◆ **Information shown**:
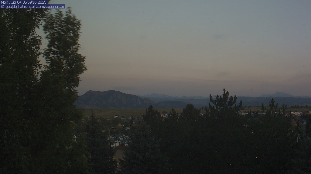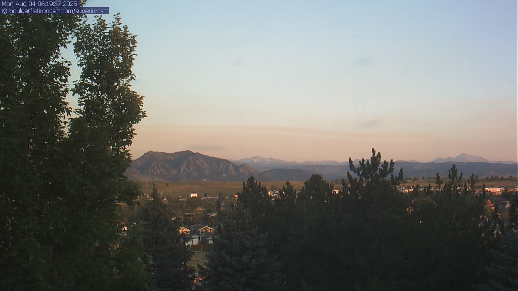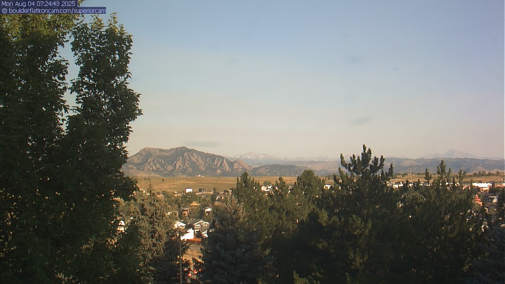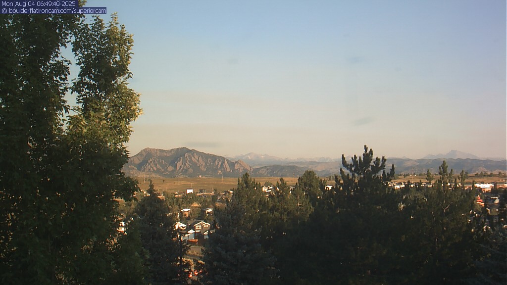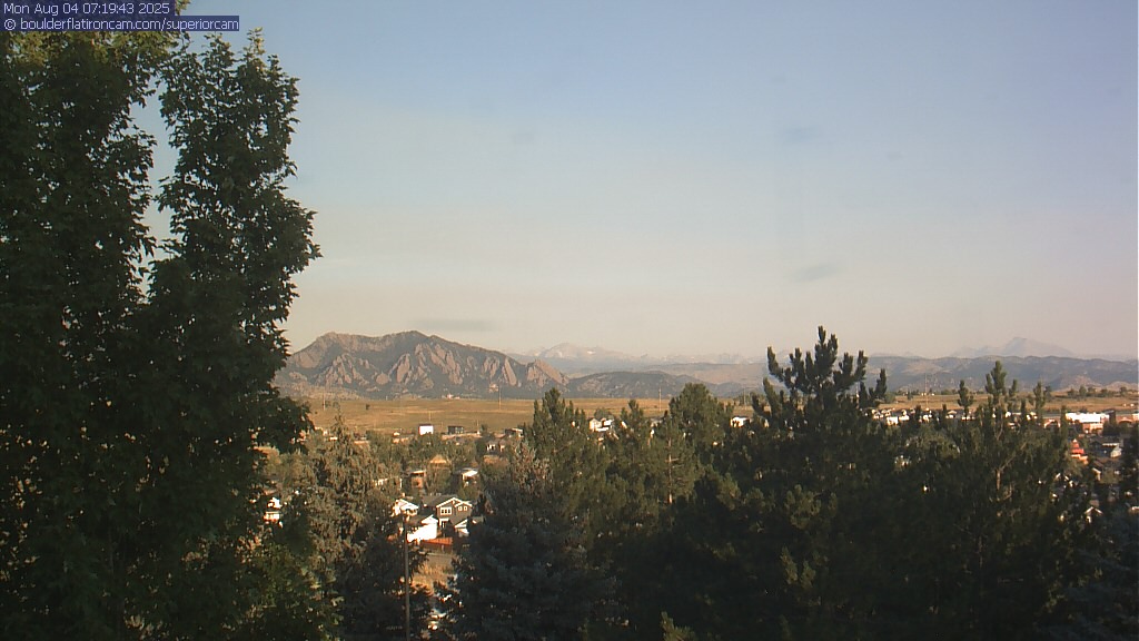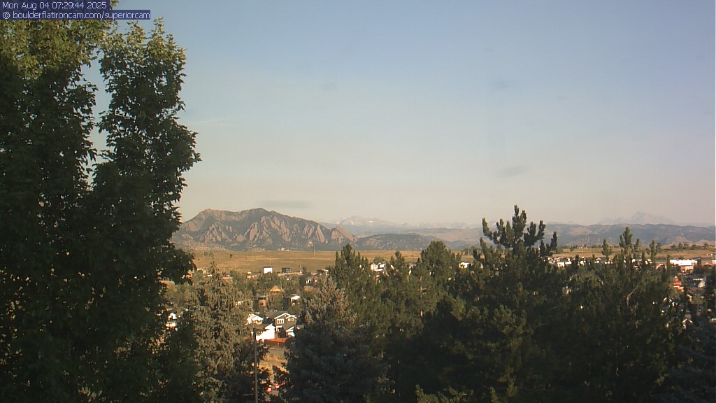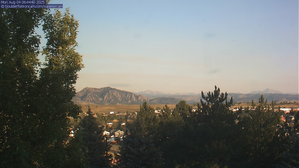 The Superior cam has a great view to the northwest over Boulder, the Flatirons, Indian Peaks and Long’s Peak.   The Coal Creek trail is visible in the foreground with old town Superior.  Thanks to Aweida Venture Partners management for the great view.
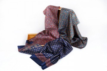 Bettini : sciarpe in pura seta per Lui in eleganti fantasie cashmere e microfantasie geometriche
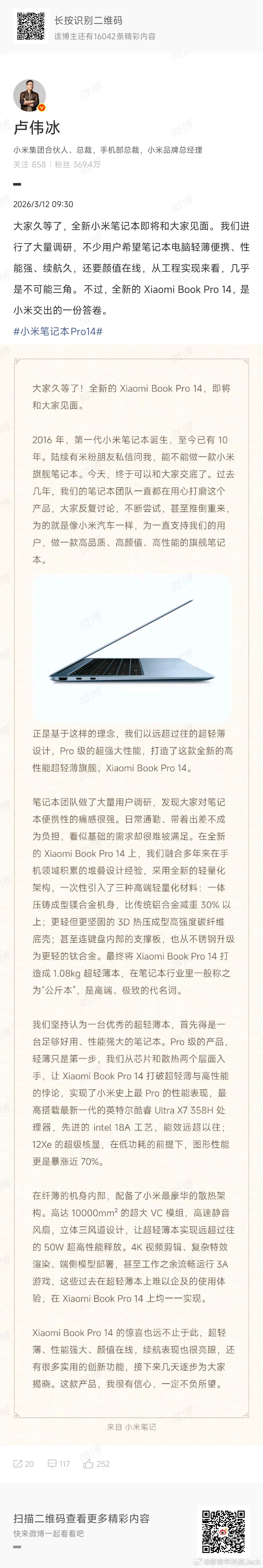 卢伟冰官宣小米笔记本新品即将发布 期待很久的小米旗舰超薄本终于来了,小米笔记本即将推出全新Xiaomi Book Pro 14,重量确实很轻只有1.08kg,薄约14.95mm,至高搭载第三代英特尔酷睿Ultra X7 358H处理器。从官方透露的关键数据和配置来看,确实主打的就是性能、便携、高端、精致的需求和场景。

◆ **How to complete this task**: No pictures belong in the copy. Return exactly the lines from the line containing "Bettini : sciarpe" through the last line of the listing.

◆ **Result for this exercise**:
 Bettini : sciarpe in pura seta per Lui in eleganti fantasie cashmere e microfantasie geometriche
 卢伟冰官宣小米笔记本新品即将发布 期待很久的小米旗舰超薄本终于来了,小米笔记本即将推出全新Xiaomi Book Pro 14,重量确实很轻只有1.08kg,薄约14.95mm,至高搭载第三代英特尔酷睿Ultra X7 358H处理器。从官方透露的关键数据和配置来看,确实主打的就是性能、便携、高端、精致的需求和场景。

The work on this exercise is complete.